When you copy the material below, keep every line exact and leave each picture out.

Given information:
——
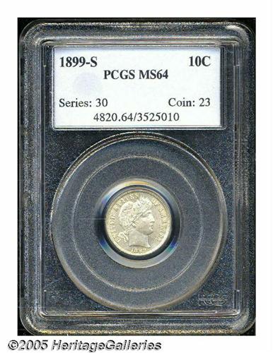 <B>1899-S<10C> MS64 PCGS.</B></I> Light golden-yellow tonality and lustrous. A couple of minute contact marks, including on Liberty's neck and another pair near the bow on the wreath, preclude a full Gem designation.
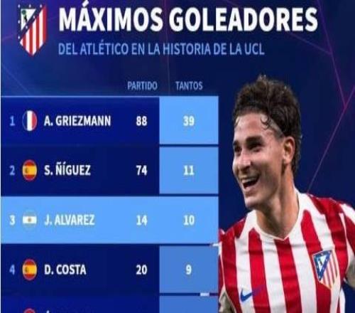 马竞队史欧冠进球榜:格列兹曼39球居首,小蜘蛛10球位列第三 -
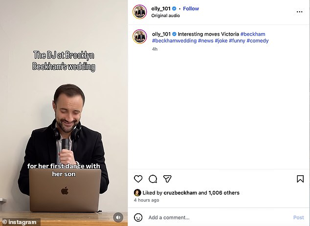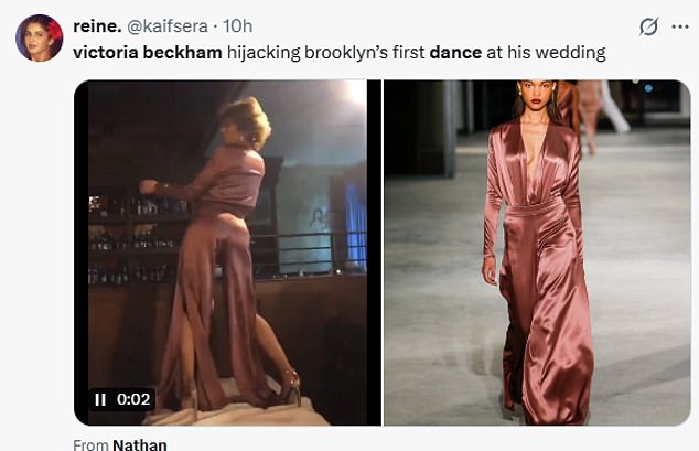 One of the tongue in cheek videos showed a dancer aggressively pushing over a reveller in a bar with the added caption: ‘Victoria hijacking the first dance at Brooklyn Beckham’s wedding.’
——
Task answer:
 <B>1899-S<10C> MS64 PCGS.</B></I> Light golden-yellow tonality and lustrous. A couple of minute contact marks, including on Liberty's neck and another pair near the bow on the wreath, preclude a full Gem designation.
 马竞队史欧冠进球榜:格列兹曼39球居首,小蜘蛛10球位列第三 -
 One of the tongue in cheek videos showed a dancer aggressively pushing over a reveller in a bar with the added caption: ‘Victoria hijacking the first dance at Brooklyn Beckham’s wedding.’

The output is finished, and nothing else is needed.